Your copy of the lines below must match them exactly and contain no images.

Given data section start

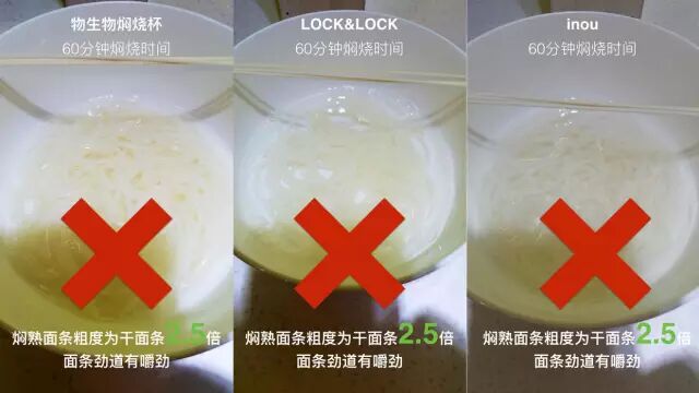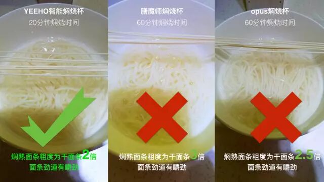 我们会发现一个问题,不同商家对于同样食材的焖烧时间相差较大,同样有顾客反映焖不熟,我们就以其中面条焖烧1小时的设计来看下焖出来的面条效果如何呢?比较面条的闷烧最考究。这里我们分为两组进行对比YEEHO智能焖烧杯和其他焖烧杯,据资料显示,YEEHO智能焖烧杯号称可以通过温度检测与焖烧杯数据进行匹配,自动计算出食材的焖烧时间
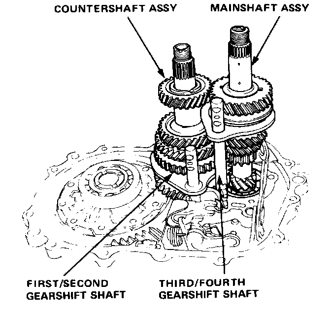 2. Install mainshaft, countershaft, first/second gear shift shaft and third/fourth gear shift shaft together as an assembly. Make sure forks are in fourth and second gear positions to make installation easier.
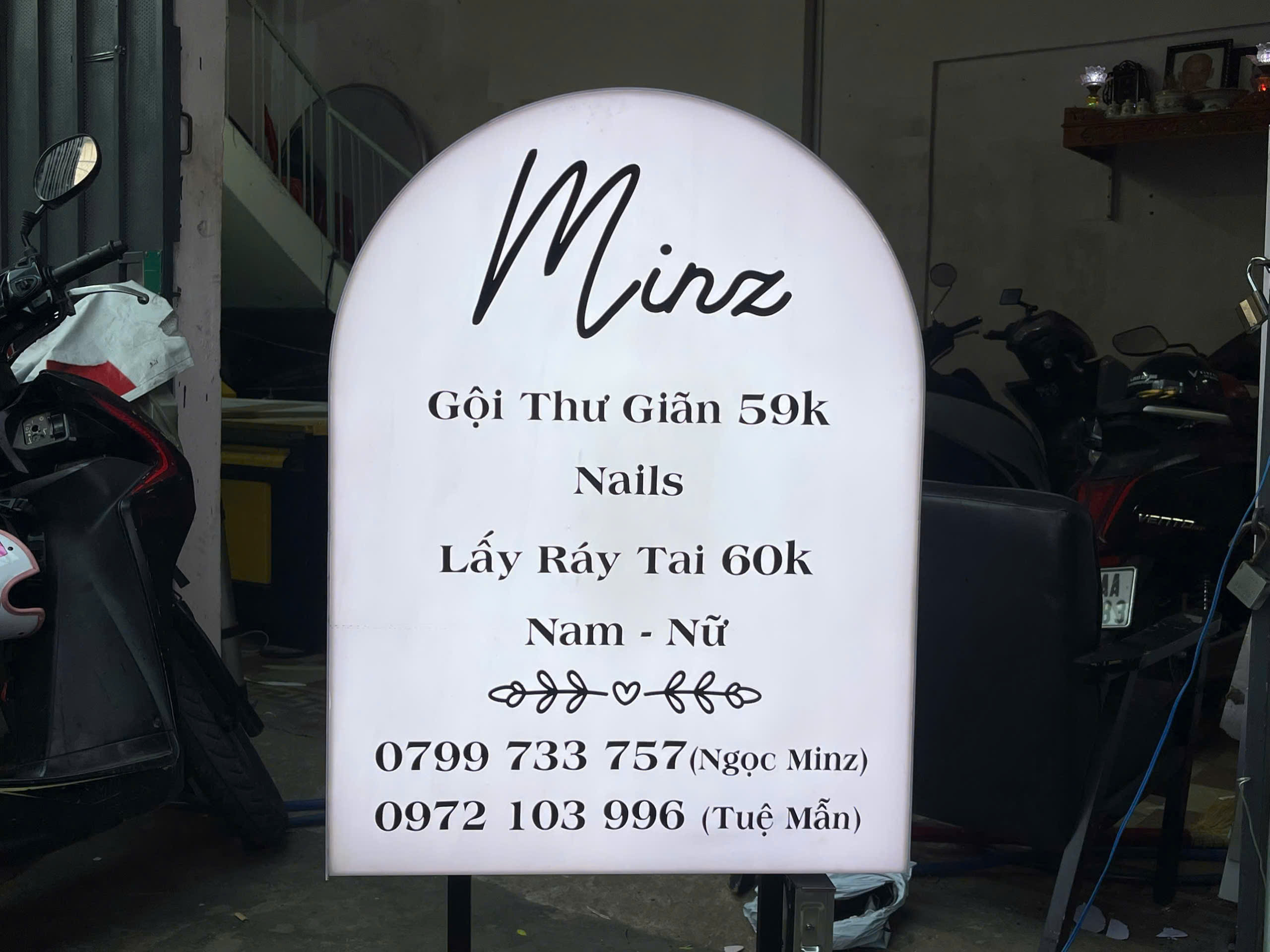 Dự án bảng hiệu tròn cho tiệm nail “Minz” là một trong những mẫu đơn giản nhưng cực kỳ hiệu quả.
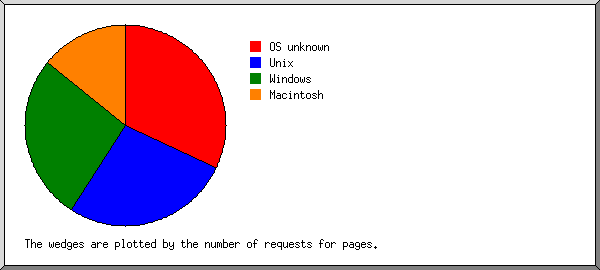#: #reqs: #pages: OS --: -----: ------: -- 1: 8033: 119: OS unknown 2: 4241: 101: Unix : 4237: 101: Linux : 3: 0: Other Unix : 1: 0: BSD 3: 1947: 100: Windows : 1738: 71: Windows NT : 101: 27: Unknown Windows : 100: 1: Windows XP : 4: 1: Windows ME : 1: 0: Windows CE : 2: 0: Windows 98 : 1: 0: Windows 2000 4: 883: 53: Macintosh 5: 5209: 0: Known robots 6: 1: 0: OS/2
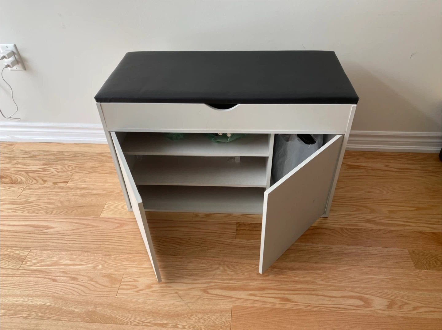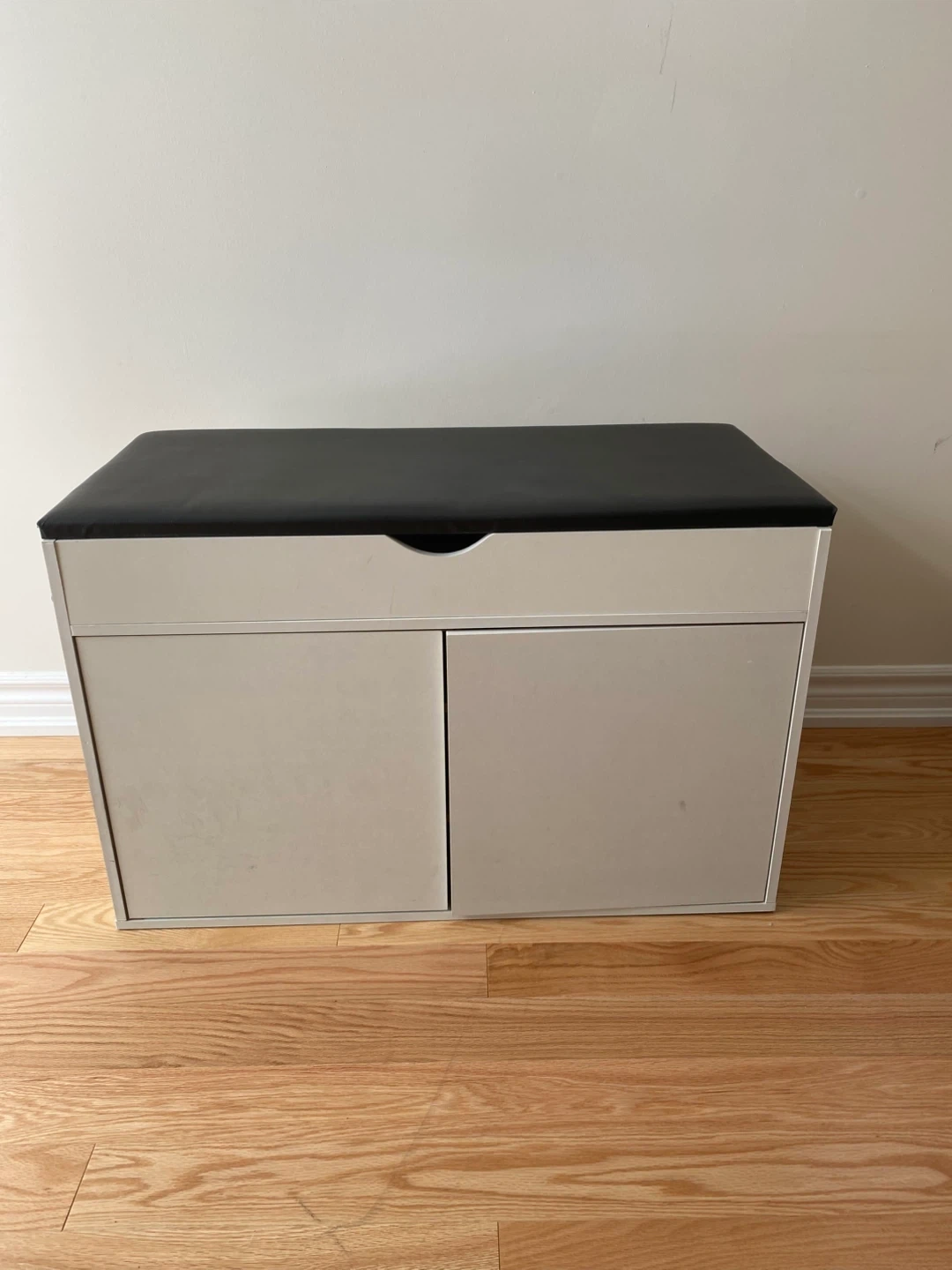 This shoe cabinet offers storage and seating. It has two doors that open to reveal shelves for shoes. The padded top provides a convenient place to sit. It's a great addition to an entryway or mudroom!
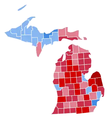 | Lapeer | 3,002 | 27.74% | 7,769 | 71.80% | 28 | 0.26% | 11 | 0.10% | 11 | 0.10% | -4,767 | -44.05% | 10,821 |
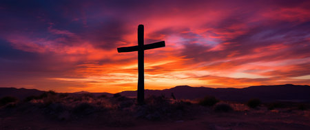Symbolizing Easter and the resurrection of Jesus: A silhouette of a cross on a hill at sunrise. Concept Religious Symbolism, Sunrise Cross Silhouette, Easter Reminder, Christian Faith
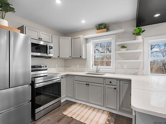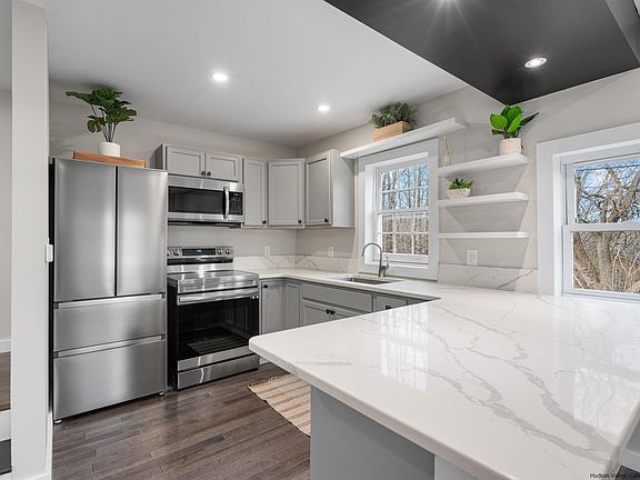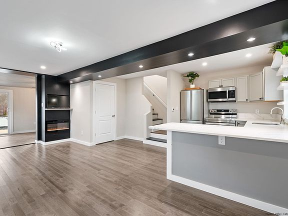 Introducing this beautiful renovated two bedroom, 1/1/2 bath home that blends modern comfort with classic charm. Nestled in on a dead end road, this home has undergone a comprehensive makeover, leading no detail untouched. As you approach , you will notice the brand new roof, a symbol of care that has gone into this home revival. Step inside and you will be greeted by an inviting living space that connects the dining area and kitchen. The open floor plan is perfect for entertaining friends and family. The kitchen has wooden cabinets and stainless steel appliance along with gleaming marble countertops. From the dining area you can walk into the living room with sliding doors onto the deck. Both dining room and living room have electric fireplaces to add warmth and ambiance. When you walk into the convenient down stairs half bath / laundry room combo you will find a stack-able washer and dryer. Go upstairs to your two bedrooms and beautiful full bath. Step outside to discover a partially fenced yard that has been thoughtfully landscaped. Enjoy summer evenings on the deck, perfect for barbecues and relaxation. A fire pit area adds an enchanting touch, creating the ideal setting for roasting marshmallows and sharing stories under the stars. One of the standout features of this property is the brand new one-car garage with an electric garage door. Its not just a place to park your vehicle, there is room for a work bench but also offers valuable storage space. This home is more than just a house, it's a place where memories are made and cherished. With its charming character its ready to welcome you into a new chapter of home ownership. Don't miss this opportunity to make this renovated gem your forever home.
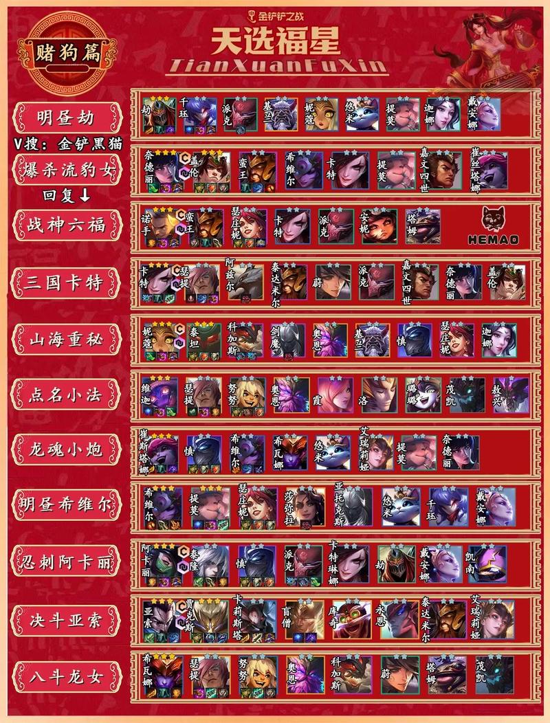 〖Two〗、福星天选阵容:核心英雄如“天雷劫”或“疾风剑豪”亚索,搭配具有高爆发能力。辅助英雄如“凛冬之怒”瑟提和“暴走萝莉”金克丝,提供控制或治疗能力。激活福星羁绊以获得额外金币收益,快速升级和购买装备。后排刺客前排宗师阵容:后排五个刺客,前排三个宗师。泰隆必备正义之手,其他装备可以灵活搭配。

Given data section end

> [Written answer]:
 我们会发现一个问题,不同商家对于同样食材的焖烧时间相差较大,同样有顾客反映焖不熟,我们就以其中面条焖烧1小时的设计来看下焖出来的面条效果如何呢?比较面条的闷烧最考究。这里我们分为两组进行对比YEEHO智能焖烧杯和其他焖烧杯,据资料显示,YEEHO智能焖烧杯号称可以通过温度检测与焖烧杯数据进行匹配,自动计算出食材的焖烧时间
 2. Install mainshaft, countershaft, first/second gear shift shaft and third/fourth gear shift shaft together as an assembly. Make sure forks are in fourth and second gear positions to make installation easier.
 Dự án bảng hiệu tròn cho tiệm nail “Minz” là một trong những mẫu đơn giản nhưng cực kỳ hiệu quả.
#: #reqs: #pages: OS --: -----: ------: -- 1: 8033: 119: OS unknown 2: 4241: 101: Unix : 4237: 101: Linux : 3: 0: Other Unix : 1: 0: BSD 3: 1947: 100: Windows : 1738: 71: Windows NT : 101: 27: Unknown Windows : 100: 1: Windows XP : 4: 1: Windows ME : 1: 0: Windows CE : 2: 0: Windows 98 : 1: 0: Windows 2000 4: 883: 53: Macintosh 5: 5209: 0: Known robots 6: 1: 0: OS/2
 This shoe cabinet offers storage and seating. It has two doors that open to reveal shelves for shoes. The padded top provides a convenient place to sit. It's a great addition to an entryway or mudroom!
 | Lapeer | 3,002 | 27.74% | 7,769 | 71.80% | 28 | 0.26% | 11 | 0.10% | 11 | 0.10% | -4,767 | -44.05% | 10,821 |
Symbolizing Easter and the resurrection of Jesus: A silhouette of a cross on a hill at sunrise. Concept Religious Symbolism, Sunrise Cross Silhouette, Easter Reminder, Christian Faith
 Introducing this beautiful renovated two bedroom, 1/1/2 bath home that blends modern comfort with classic charm. Nestled in on a dead end road, this home has undergone a comprehensive makeover, leading no detail untouched. As you approach , you will notice the brand new roof, a symbol of care that has gone into this home revival. Step inside and you will be greeted by an inviting living space that connects the dining area and kitchen. The open floor plan is perfect for entertaining friends and family. The kitchen has wooden cabinets and stainless steel appliance along with gleaming marble countertops. From the dining area you can walk into the living room with sliding doors onto the deck. Both dining room and living room have electric fireplaces to add warmth and ambiance. When you walk into the convenient down stairs half bath / laundry room combo you will find a stack-able washer and dryer. Go upstairs to your two bedrooms and beautiful full bath. Step outside to discover a partially fenced yard that has been thoughtfully landscaped. Enjoy summer evenings on the deck, perfect for barbecues and relaxation. A fire pit area adds an enchanting touch, creating the ideal setting for roasting marshmallows and sharing stories under the stars. One of the standout features of this property is the brand new one-car garage with an electric garage door. Its not just a place to park your vehicle, there is room for a work bench but also offers valuable storage space. This home is more than just a house, it's a place where memories are made and cherished. With its charming character its ready to welcome you into a new chapter of home ownership. Don't miss this opportunity to make this renovated gem your forever home.
 〖Two〗、福星天选阵容:核心英雄如“天雷劫”或“疾风剑豪”亚索,搭配具有高爆发能力。辅助英雄如“凛冬之怒”瑟提和“暴走萝莉”金克丝,提供控制或治疗能力。激活福星羁绊以获得额外金币收益,快速升级和购买装备。后排刺客前排宗师阵容:后排五个刺客,前排三个宗师。泰隆必备正义之手,其他装备可以灵活搭配。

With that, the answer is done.